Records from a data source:
************
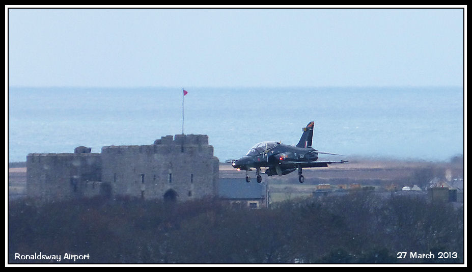 RAF 4 Sqn Hawk T2 ZK037 on final for runway 08 with Castle Rushen as backdrop
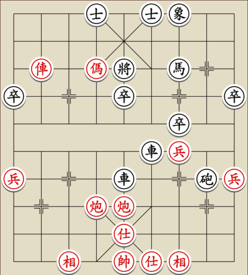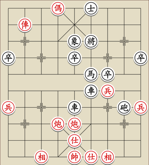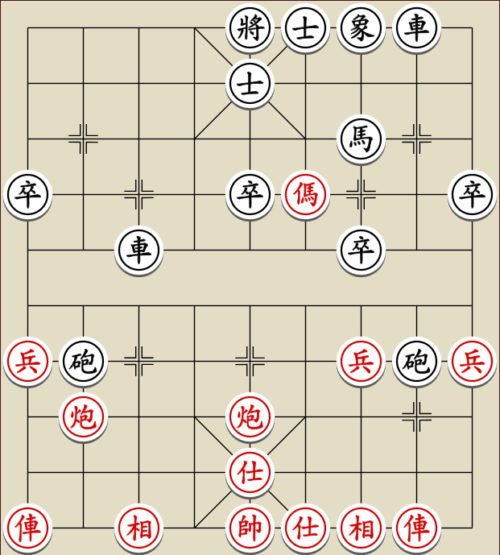 Schwarz wehrt das rote Vorhaben H4+3 passiv ab. Das Computerprogramm XieXie will stattdessen aktiv R3=6 spielen und das rote Pferd attackieren. Eine Folge könnte dann H4+3 R6-3 C8=7 K5=4 (R4=3 C7+6) R9=8 R6=7 C7+1 sein, mit der Rot für das Pferd eine schwarze Kanone bei anhaltend aktivem Spiel erhält.
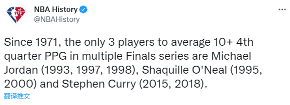 库里拥有总决赛纪录——据NBA官方统计,自1971年以来,仅有三位球星在多次总决赛第四节打出场均得分10+的表现,分别是乔丹(1993、1997、1998),奥尼尔(1995、2000)和库里(2015、2018);库里比肩乔丹和奥尼尔成NBA近51年第3人。
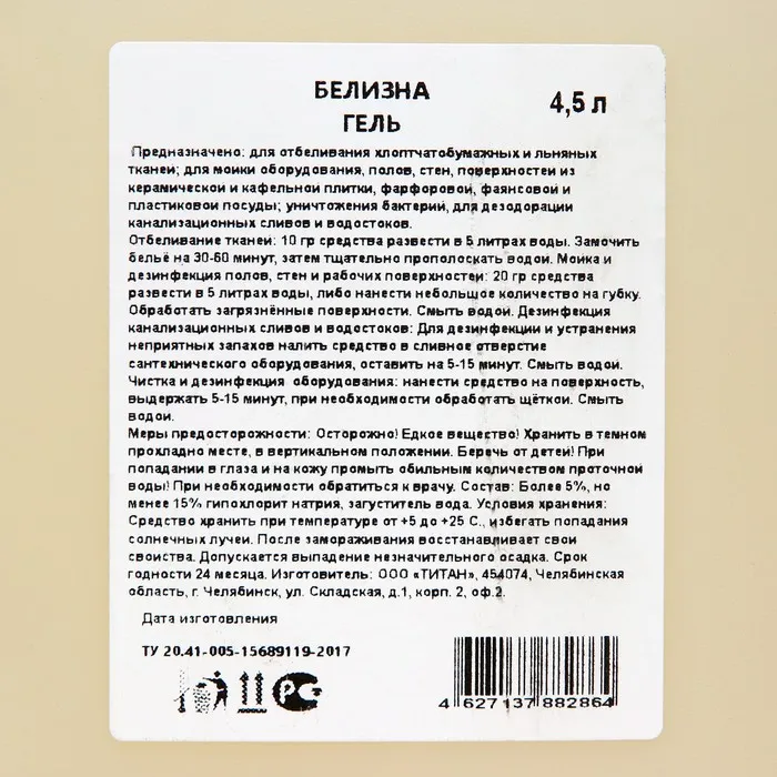 Белизна-Гель TITAN, 4,5 л — Характеристики
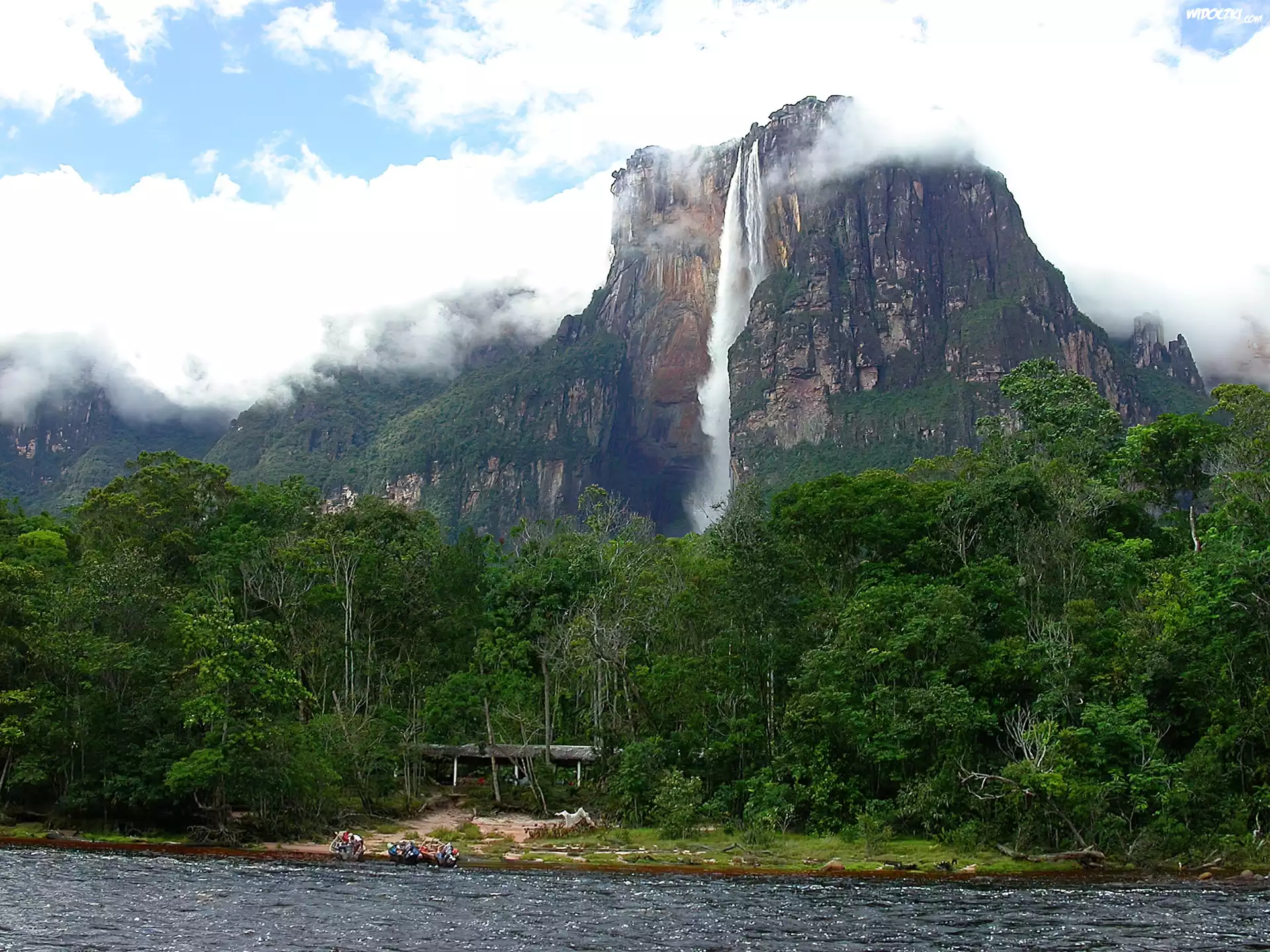 Zdjęcia, Góra, Wodospad, Drzewa, Rzeka
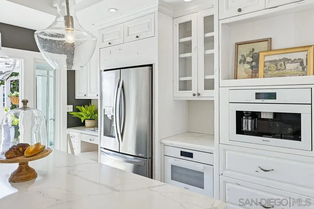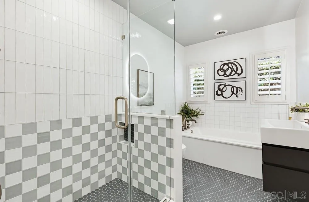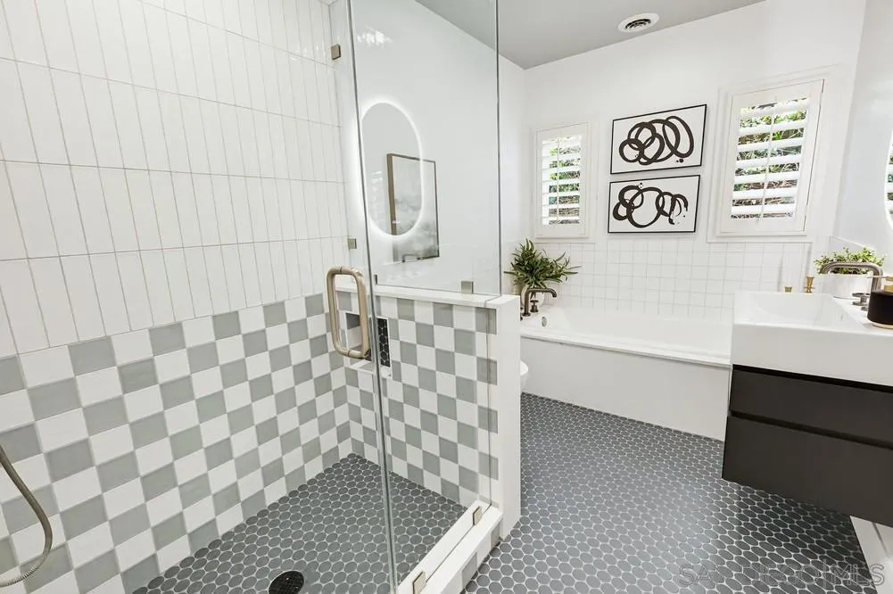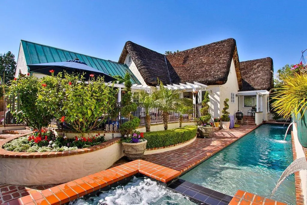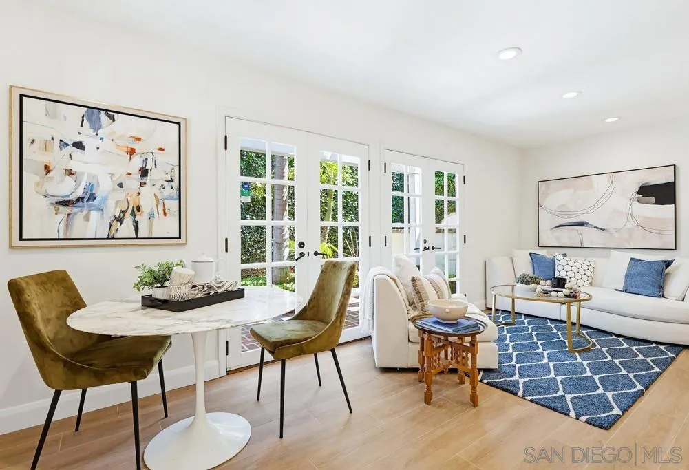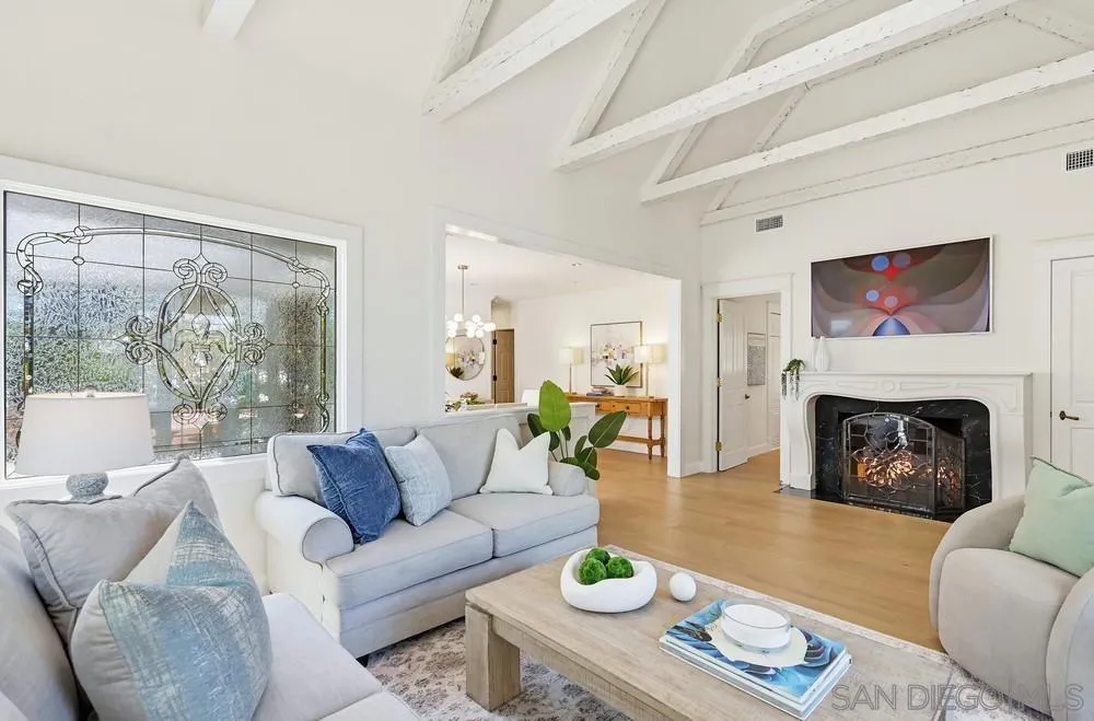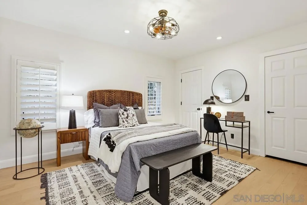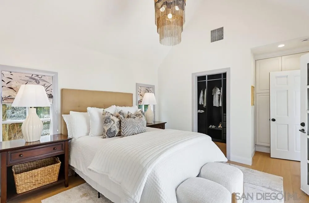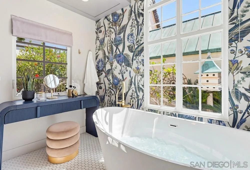 Storybook Tudor cottage on a coveted tree-lined street in Point Loma Heights. This iconic 1929 home blends timeless character w/elevated modern living. 3BR/2BA main home w/vaulted exposed beam ceilings, HW floors, fireplace, zoned HVAC & high-end finishes. Designer kitchen w/Miele built-in coffee center, Miele steam oven & French doors opening to the patio for seamless indoor-outdoor living. Luxe primary suite w/spa-inspired bath featuring a BainUltra thermomasseur soaking tub. Resort-style grounds w/custom brickwork, lap pool, 9-person spa, built-in BBQ, + a detached guest cottage with bay views, full living space, kitchenette, bath & upstairs bedroom. Rare. Timeless. Unforgettable. A storybook home where fairy tales really do come true.
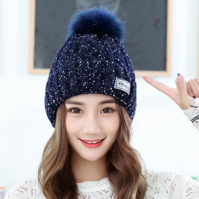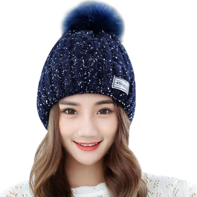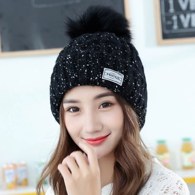 康乐屋 韩版保暖毛球帽 瘦脸月子帽 纯色套头针织帽 秋冬季新款女毛线针织帽
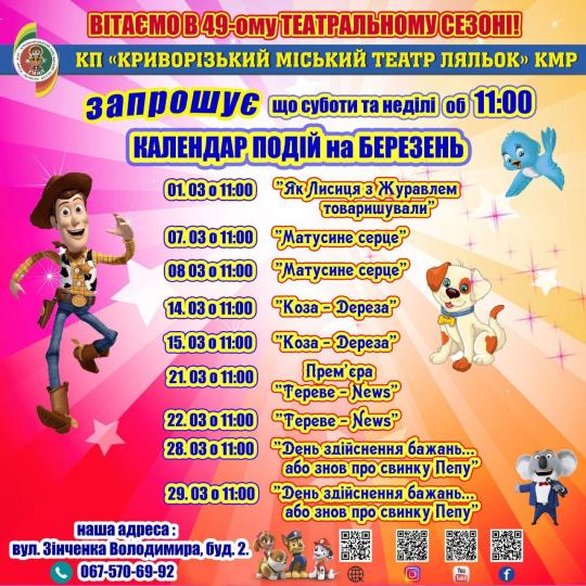 Щороку наприкінці березня культурна спільнота світу відзначає особливі мистецькі свята: Міжнародний день театру та Міжнародний день лялькаря. Це дні, коли ми вшановуємо людей, які дарують глядачам справжнє диво, диво сцени, створюють емоції, змушують сміятися, замислюватися і вірити в казку.
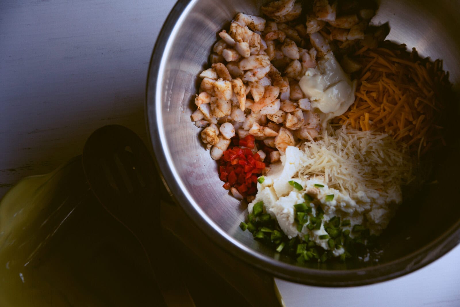 - In a bowl mix ricotta, mayo, jalapeño, cheddar, Parmesan, pimentos, Worcestershire, salt, and pepper.
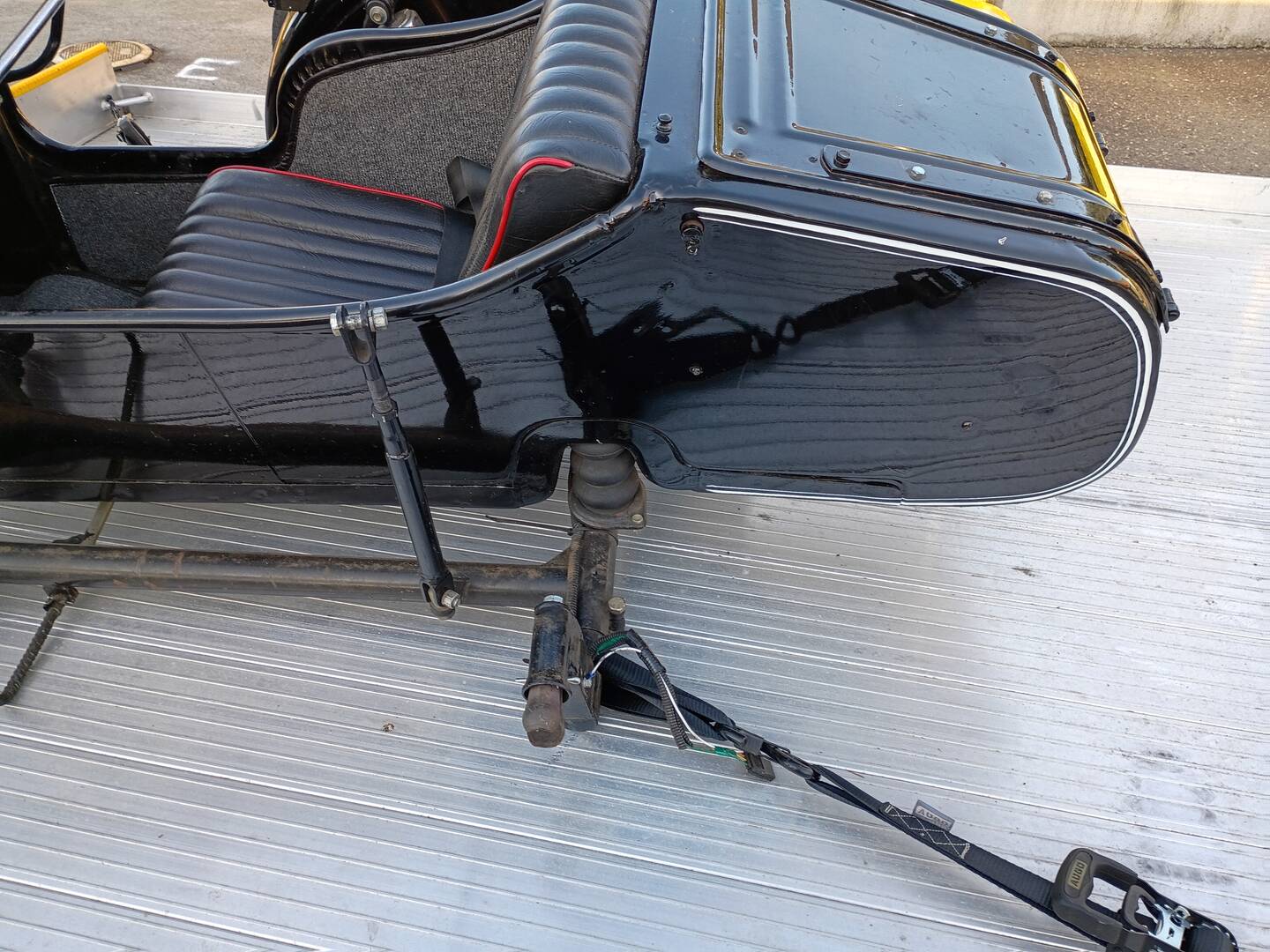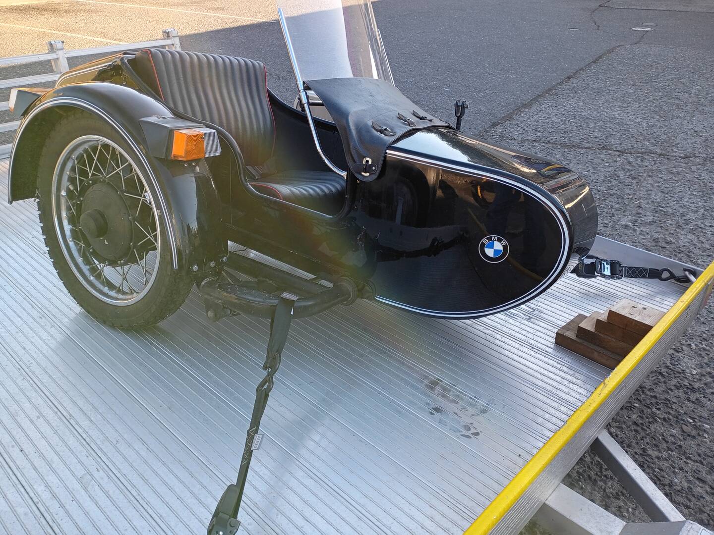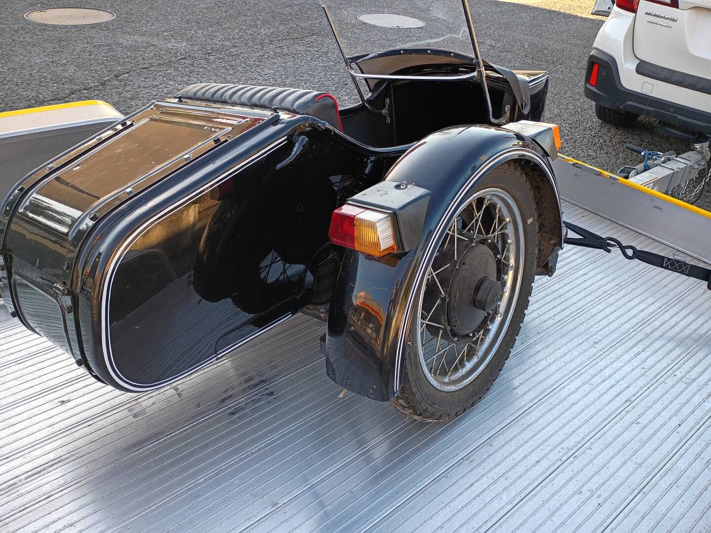 This is an older version of the Ural sidecar, and....hard to believe that this sidecar still has the original hand air pump in the trunk, also has a couple brand new extra light lenses, to replace any lens on the sidecar fender if they got broken.
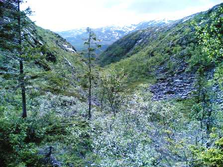 Terrenget bort over er noe myr. Stien er merket litt opp i terrenget i kartet, men vi går der vi finner det best til en hver tid. Vi ble overasket over hvor stort, åpent og idyllisk det var i dette dalføret. I tidligere tider har det vært flere gårder her inne, men nå er alt oppkjøpt av kraftlaget. Det er delvis tilplantet med granskog men også store åpne områder. Det går en kraftledning høyt oppe i dalen som er i bruk (tror den går fra Langfjorden via Børja og Laksmarka osv), mens det nede i dalen går noen gamle kraftledninger som ikke er i bruk.
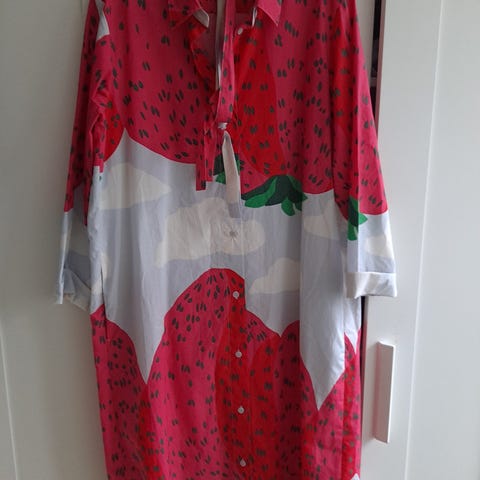 Marimekko naisten kesämekko, koko 42. Mekko on valmistettu 100 % puuvillasta. Kuosina on kirjava, pääosin punasävyinen kuviointi, jossa on erivärisiä paikkamaisia yksityiskohtia. Mallissa on puolipitkät hihat ja etupuolella nappikiinnitys. Sopii käytettäväksi arki- ja kesämekkona.
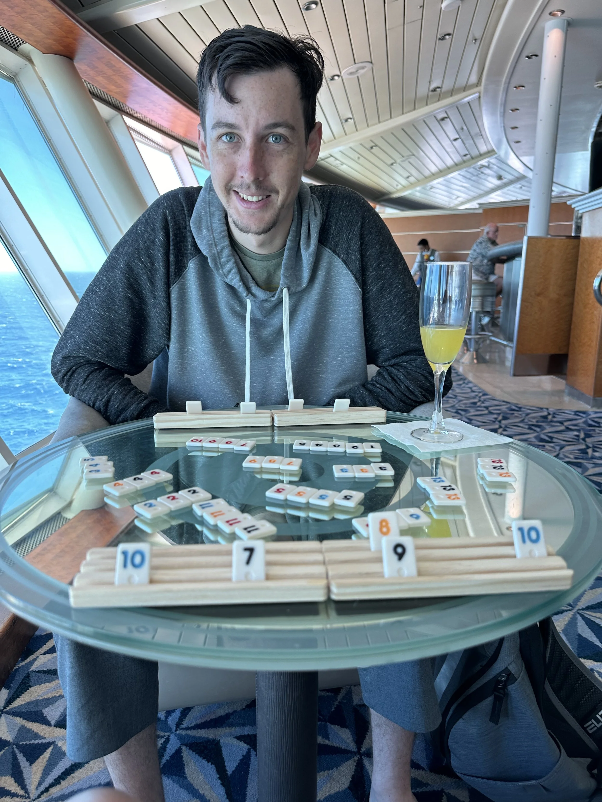 Our activity of choice, instead of heading to port… games, games and more games. This particular afternoon, we opted for Rumikub. The lightweight addition to my travel game collection, kept us entertained for hours! Weighing a mere one and a half pounds, this game comes with tiles and the balsa wood racks. It will go everywhere with my now! Lucky for me that my son enjoys games because we spent countless hours playing each sea day.
************
→ **EXERCISE**
Transcribe the records above exactly, without images.

→ **ANSWER FOR THE TASK**
 RAF 4 Sqn Hawk T2 ZK037 on final for runway 08 with Castle Rushen as backdrop
 Schwarz wehrt das rote Vorhaben H4+3 passiv ab. Das Computerprogramm XieXie will stattdessen aktiv R3=6 spielen und das rote Pferd attackieren. Eine Folge könnte dann H4+3 R6-3 C8=7 K5=4 (R4=3 C7+6) R9=8 R6=7 C7+1 sein, mit der Rot für das Pferd eine schwarze Kanone bei anhaltend aktivem Spiel erhält.
 库里拥有总决赛纪录——据NBA官方统计,自1971年以来,仅有三位球星在多次总决赛第四节打出场均得分10+的表现,分别是乔丹(1993、1997、1998),奥尼尔(1995、2000)和库里(2015、2018);库里比肩乔丹和奥尼尔成NBA近51年第3人。
 Белизна-Гель TITAN, 4,5 л — Характеристики
 Zdjęcia, Góra, Wodospad, Drzewa, Rzeka
 Storybook Tudor cottage on a coveted tree-lined street in Point Loma Heights. This iconic 1929 home blends timeless character w/elevated modern living. 3BR/2BA main home w/vaulted exposed beam ceilings, HW floors, fireplace, zoned HVAC & high-end finishes. Designer kitchen w/Miele built-in coffee center, Miele steam oven & French doors opening to the patio for seamless indoor-outdoor living. Luxe primary suite w/spa-inspired bath featuring a BainUltra thermomasseur soaking tub. Resort-style grounds w/custom brickwork, lap pool, 9-person spa, built-in BBQ, + a detached guest cottage with bay views, full living space, kitchenette, bath & upstairs bedroom. Rare. Timeless. Unforgettable. A storybook home where fairy tales really do come true.
 康乐屋 韩版保暖毛球帽 瘦脸月子帽 纯色套头针织帽 秋冬季新款女毛线针织帽
 Щороку наприкінці березня культурна спільнота світу відзначає особливі мистецькі свята: Міжнародний день театру та Міжнародний день лялькаря. Це дні, коли ми вшановуємо людей, які дарують глядачам справжнє диво, диво сцени, створюють емоції, змушують сміятися, замислюватися і вірити в казку.
 - In a bowl mix ricotta, mayo, jalapeño, cheddar, Parmesan, pimentos, Worcestershire, salt, and pepper.
 This is an older version of the Ural sidecar, and....hard to believe that this sidecar still has the original hand air pump in the trunk, also has a couple brand new extra light lenses, to replace any lens on the sidecar fender if they got broken.
 Terrenget bort over er noe myr. Stien er merket litt opp i terrenget i kartet, men vi går der vi finner det best til en hver tid. Vi ble overasket over hvor stort, åpent og idyllisk det var i dette dalføret. I tidligere tider har det vært flere gårder her inne, men nå er alt oppkjøpt av kraftlaget. Det er delvis tilplantet med granskog men også store åpne områder. Det går en kraftledning høyt oppe i dalen som er i bruk (tror den går fra Langfjorden via Børja og Laksmarka osv), mens det nede i dalen går noen gamle kraftledninger som ikke er i bruk.
 Marimekko naisten kesämekko, koko 42. Mekko on valmistettu 100 % puuvillasta. Kuosina on kirjava, pääosin punasävyinen kuviointi, jossa on erivärisiä paikkamaisia yksityiskohtia. Mallissa on puolipitkät hihat ja etupuolella nappikiinnitys. Sopii käytettäväksi arki- ja kesämekkona.
 Our activity of choice, instead of heading to port… games, games and more games. This particular afternoon, we opted for Rumikub. The lightweight addition to my travel game collection, kept us entertained for hours! Weighing a mere one and a half pounds, this game comes with tiles and the balsa wood racks. It will go everywhere with my now! Lucky for me that my son enjoys games because we spent countless hours playing each sea day.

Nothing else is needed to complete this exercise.